Data for review:

################

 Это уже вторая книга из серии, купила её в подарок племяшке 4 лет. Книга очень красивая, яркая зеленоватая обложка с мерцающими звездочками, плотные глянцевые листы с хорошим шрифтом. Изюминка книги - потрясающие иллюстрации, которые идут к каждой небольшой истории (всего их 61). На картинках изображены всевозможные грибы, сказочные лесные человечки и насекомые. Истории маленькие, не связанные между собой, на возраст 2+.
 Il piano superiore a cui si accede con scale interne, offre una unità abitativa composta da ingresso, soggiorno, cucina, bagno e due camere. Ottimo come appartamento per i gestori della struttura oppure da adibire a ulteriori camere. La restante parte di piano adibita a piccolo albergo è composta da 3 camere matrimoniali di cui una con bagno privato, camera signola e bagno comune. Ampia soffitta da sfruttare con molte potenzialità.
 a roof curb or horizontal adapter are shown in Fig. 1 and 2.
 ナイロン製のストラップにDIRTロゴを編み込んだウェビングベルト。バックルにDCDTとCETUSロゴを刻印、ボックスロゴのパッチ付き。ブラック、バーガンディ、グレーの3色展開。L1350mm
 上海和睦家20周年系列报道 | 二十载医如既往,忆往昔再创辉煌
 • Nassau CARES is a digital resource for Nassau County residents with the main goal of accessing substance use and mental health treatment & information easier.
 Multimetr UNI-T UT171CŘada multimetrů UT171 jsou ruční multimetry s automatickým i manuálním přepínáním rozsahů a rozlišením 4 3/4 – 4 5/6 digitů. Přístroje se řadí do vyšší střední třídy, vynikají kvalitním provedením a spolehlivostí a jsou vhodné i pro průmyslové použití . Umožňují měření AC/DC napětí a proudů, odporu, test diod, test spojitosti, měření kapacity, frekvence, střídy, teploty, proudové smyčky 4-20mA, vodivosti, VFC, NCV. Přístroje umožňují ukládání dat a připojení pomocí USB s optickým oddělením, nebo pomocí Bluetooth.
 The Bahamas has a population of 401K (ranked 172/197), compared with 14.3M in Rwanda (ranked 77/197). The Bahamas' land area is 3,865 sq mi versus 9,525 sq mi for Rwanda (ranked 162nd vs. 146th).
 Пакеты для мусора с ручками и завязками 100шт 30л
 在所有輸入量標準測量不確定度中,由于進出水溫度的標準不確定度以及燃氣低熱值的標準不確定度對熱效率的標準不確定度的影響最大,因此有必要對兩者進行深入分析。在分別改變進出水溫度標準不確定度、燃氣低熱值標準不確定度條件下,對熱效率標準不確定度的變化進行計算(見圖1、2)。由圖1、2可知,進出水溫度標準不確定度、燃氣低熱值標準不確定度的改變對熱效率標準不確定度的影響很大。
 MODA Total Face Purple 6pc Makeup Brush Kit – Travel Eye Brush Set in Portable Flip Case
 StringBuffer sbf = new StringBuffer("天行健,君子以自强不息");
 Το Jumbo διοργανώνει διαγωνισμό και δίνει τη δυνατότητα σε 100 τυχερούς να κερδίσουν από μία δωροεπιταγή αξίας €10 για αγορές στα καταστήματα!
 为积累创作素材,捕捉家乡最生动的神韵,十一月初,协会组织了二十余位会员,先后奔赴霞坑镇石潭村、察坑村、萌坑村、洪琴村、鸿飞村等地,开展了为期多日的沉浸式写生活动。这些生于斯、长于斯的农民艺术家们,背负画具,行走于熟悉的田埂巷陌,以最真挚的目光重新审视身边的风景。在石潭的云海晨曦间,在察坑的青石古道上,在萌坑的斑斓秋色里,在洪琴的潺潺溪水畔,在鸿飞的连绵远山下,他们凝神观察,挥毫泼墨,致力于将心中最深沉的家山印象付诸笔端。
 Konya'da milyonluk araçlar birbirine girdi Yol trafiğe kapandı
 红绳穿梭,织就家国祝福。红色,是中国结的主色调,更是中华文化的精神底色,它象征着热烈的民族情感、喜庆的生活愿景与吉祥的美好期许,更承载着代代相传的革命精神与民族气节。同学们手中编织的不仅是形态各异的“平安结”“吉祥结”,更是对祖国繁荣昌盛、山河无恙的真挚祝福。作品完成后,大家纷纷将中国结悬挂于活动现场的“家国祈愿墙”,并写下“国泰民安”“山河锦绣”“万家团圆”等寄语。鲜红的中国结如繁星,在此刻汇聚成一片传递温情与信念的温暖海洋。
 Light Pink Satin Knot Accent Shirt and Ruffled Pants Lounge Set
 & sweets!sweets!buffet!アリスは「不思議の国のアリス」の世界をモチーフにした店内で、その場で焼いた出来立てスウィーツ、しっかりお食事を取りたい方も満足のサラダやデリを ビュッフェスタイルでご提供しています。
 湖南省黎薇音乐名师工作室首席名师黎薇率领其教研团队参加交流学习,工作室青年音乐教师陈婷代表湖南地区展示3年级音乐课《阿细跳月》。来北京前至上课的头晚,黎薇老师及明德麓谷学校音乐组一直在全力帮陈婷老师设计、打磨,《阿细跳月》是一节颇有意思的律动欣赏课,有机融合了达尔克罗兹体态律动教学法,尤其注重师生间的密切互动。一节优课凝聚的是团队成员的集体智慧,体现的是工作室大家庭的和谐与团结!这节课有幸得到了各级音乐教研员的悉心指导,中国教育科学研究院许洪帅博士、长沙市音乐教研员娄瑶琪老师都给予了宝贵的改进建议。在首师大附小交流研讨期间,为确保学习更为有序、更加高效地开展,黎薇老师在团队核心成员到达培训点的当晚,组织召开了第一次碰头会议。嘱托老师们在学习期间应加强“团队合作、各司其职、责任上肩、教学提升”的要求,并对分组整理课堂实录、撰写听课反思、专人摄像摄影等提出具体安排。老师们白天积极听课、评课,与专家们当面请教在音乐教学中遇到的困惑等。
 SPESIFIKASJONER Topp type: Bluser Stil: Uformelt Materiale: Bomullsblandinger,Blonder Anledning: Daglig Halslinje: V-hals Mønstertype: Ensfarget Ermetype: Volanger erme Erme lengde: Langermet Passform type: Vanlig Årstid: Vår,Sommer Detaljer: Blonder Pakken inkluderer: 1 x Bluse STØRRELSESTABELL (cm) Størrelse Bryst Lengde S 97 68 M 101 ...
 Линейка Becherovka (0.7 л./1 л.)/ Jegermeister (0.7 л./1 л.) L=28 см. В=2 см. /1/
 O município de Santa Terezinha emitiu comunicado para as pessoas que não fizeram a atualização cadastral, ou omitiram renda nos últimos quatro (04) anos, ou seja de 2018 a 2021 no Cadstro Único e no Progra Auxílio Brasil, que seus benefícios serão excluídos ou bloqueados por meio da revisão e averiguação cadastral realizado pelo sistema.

################

What is required:
Could you set down, exactly as written, the lines above between the one holding "Пакеты для мусора" and the one holding "Konya'da milyonluk araçlar", inclusive, and nothing more?

Response area:
 Пакеты для мусора с ручками и завязками 100шт 30л
 在所有輸入量標準測量不確定度中,由于進出水溫度的標準不確定度以及燃氣低熱值的標準不確定度對熱效率的標準不確定度的影響最大,因此有必要對兩者進行深入分析。在分別改變進出水溫度標準不確定度、燃氣低熱值標準不確定度條件下,對熱效率標準不確定度的變化進行計算(見圖1、2)。由圖1、2可知,進出水溫度標準不確定度、燃氣低熱值標準不確定度的改變對熱效率標準不確定度的影響很大。
 MODA Total Face Purple 6pc Makeup Brush Kit – Travel Eye Brush Set in Portable Flip Case
 StringBuffer sbf = new StringBuffer("天行健,君子以自强不息");
 Το Jumbo διοργανώνει διαγωνισμό και δίνει τη δυνατότητα σε 100 τυχερούς να κερδίσουν από μία δωροεπιταγή αξίας €10 για αγορές στα καταστήματα!
 为积累创作素材,捕捉家乡最生动的神韵,十一月初,协会组织了二十余位会员,先后奔赴霞坑镇石潭村、察坑村、萌坑村、洪琴村、鸿飞村等地,开展了为期多日的沉浸式写生活动。这些生于斯、长于斯的农民艺术家们,背负画具,行走于熟悉的田埂巷陌,以最真挚的目光重新审视身边的风景。在石潭的云海晨曦间,在察坑的青石古道上,在萌坑的斑斓秋色里,在洪琴的潺潺溪水畔,在鸿飞的连绵远山下,他们凝神观察,挥毫泼墨,致力于将心中最深沉的家山印象付诸笔端。
 Konya'da milyonluk araçlar birbirine girdi Yol trafiğe kapandı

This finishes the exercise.